- The ubosot

Religion
- Affiliation: Buddhism
- Sect: Theravāda Mahā Nikāya
- Status: Civil temple

Location
- Location: 737 Soi Rama III 30, Rama III rd, Bang Phongphang, Yan Nawa, Bangkok 10120
- Country: Thailand
- Coordinates: 13°40′26″N 100°32′00″E﻿ / ﻿13.673877°N 100.533387°E

Architecture
- Founder: Phraya Phetpichai; Phraya Ratchasongkram;

= Wat Pariwat =

Buddhist temple in Bangkok, Thailand

Wat Pariwat Ratchasongkram (วัดปริวาสราชสงคราม), also known as Wat Pariwat, is a Buddhist temple in Yan Nawa district, Bangkok, Thailand.

==History==
Formerly, this place was probably a house of priest or a small temple only. Wealthy people in the past had preference for building the temples. The construction was estimated to be around the late Ayutthaya period to early Rattanakosin era. Subsequently, during the reigns of King Rama I to Rama II, the available evidence indicates that Krommuen Sakphon Sena (กรมหมื่นศักดิ์พลเสนา) had got Phraya Phetpichai (พระยาเพชรพิชัย) to build the temple at the edge of Khlong Lud Luang canal on the western side.

According to the evidence, people of his ancestry were master craftsmen in succession. Phraya Phetpichai was a chief responsible for the construction of Nakhon Khuan Khan (นครเขื่อนขันธ์, present-day Phra Pradaeng) and the temple there until becoming well known. Upon the completion of construction, that temple was royally named Wat Phichayon Phonlasep (วัดไพชยนต์พลเสพย์).

Phraya Phetpichai was a devout Buddhist with determination to build the temple as a memorial. Therefore, he asked for permission to build another temple opposite Wat Phichayon Phonlasep, which was given the name Wat Prod Ket Chettaram (วัดโปรดเกศเชษฐาราม). Both of them were royal temples.

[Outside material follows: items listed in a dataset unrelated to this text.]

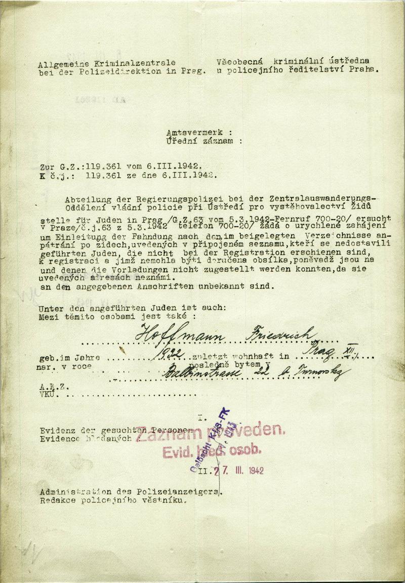 National archives Prague > Police Directorate Prague > 1941-1950 > H > Hoffmann Bedřich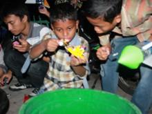 Kegembiraan anak-anak daerah Keputih Pompa tergambar jelas saat membuat roket air dan kapal tuk-tuk pada Minggu malam (6/4). Technology for Children (Teci) berhasil memecah keheningan malam dengan gelak tawa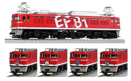 KATO HOゲージ EF81 95 レインボー塗装機です。手スリなどボディ色に合わせたグレードアップパーツが設定され、あけぼの・エルム・カシオペア・北斗星のヘッドマークが付属します。
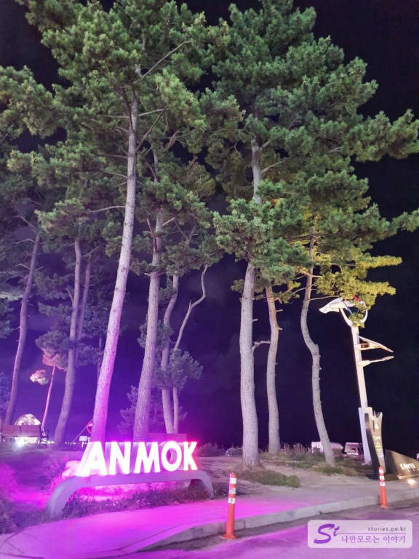 밤에 방문한 안목해변입니다. 안목해변은 여러 곳에 무료로 주차할 수 있는 공영 주차장이 있고 차박을 하는 사람들도 곳곳에 많이 있습니다. 그 주차장 앞에는 이곳이 안목해변이다.라고 알리는 표지판이 있습니다.

Another key leader responsible for the construction of these two temples was Phraya Ratchasongkram (พระยาราชสงคราม). The letter was skilled at constructing and designing the palaces and temples with strong faith in Buddhism as well. Both of them collaborated on the construction of Wat Phichayon Phonlasep and Wat Prod Ket Chettaram was in very poor condition. So they renovated it until it became beautiful and named this Wat Pariwat Ratchasongkram based on his title at the end of this temple's name.

==Highlights==
At present, Wat Pariwat is internationally known as a monastery with beautiful and unusual buildings with a unique architectural style unlike any other temple. The examples are ubosot (ordination hall), benjarong (Thai porcelain with designs in five colours) stucco sculptures with characteristic of international contemporary art including the pictures ranging from god, deity, angel, hermit, giant, demon, various creatures to key characters in the classical epics like Ramakien (Thai version of Ramayana), Romance of the Three Kingdoms, The Legend of the Condor Heroes, cowboy, Viking, King Arthur, pharaoh, samurai, red Indians, One Piece, Dragon Ball etc.

This was intended by the creators to be the artwork that reflects the period. In this regard, the statues were designed to symbolize the recorded events of the period, conveying that people could respect and uphold Buddhism, regardless of race, religion.

Besides, there is the statue of world class footballer David Beckham at the ubosot base known as unseen in Thailand too.

==Location==
Wat Pariwat is lined on the riverside of Chao Phraya on Phra Nakhon side (Bangkok core) in the area of Bang Phongphang. Since the temple is next to the Chao Phraya, it has picturesque scenery. It is also a suitable place for feeding or releasing fish to make merit.

==Transportation==
The temple is easily accessible by many BMTA buses, such as lines 4-47, 205, and is also served by the Wat Pariwat station (B7) of the Bangkok BRT, whose Sathorn–Ratchaphruek route runs along Rama III road.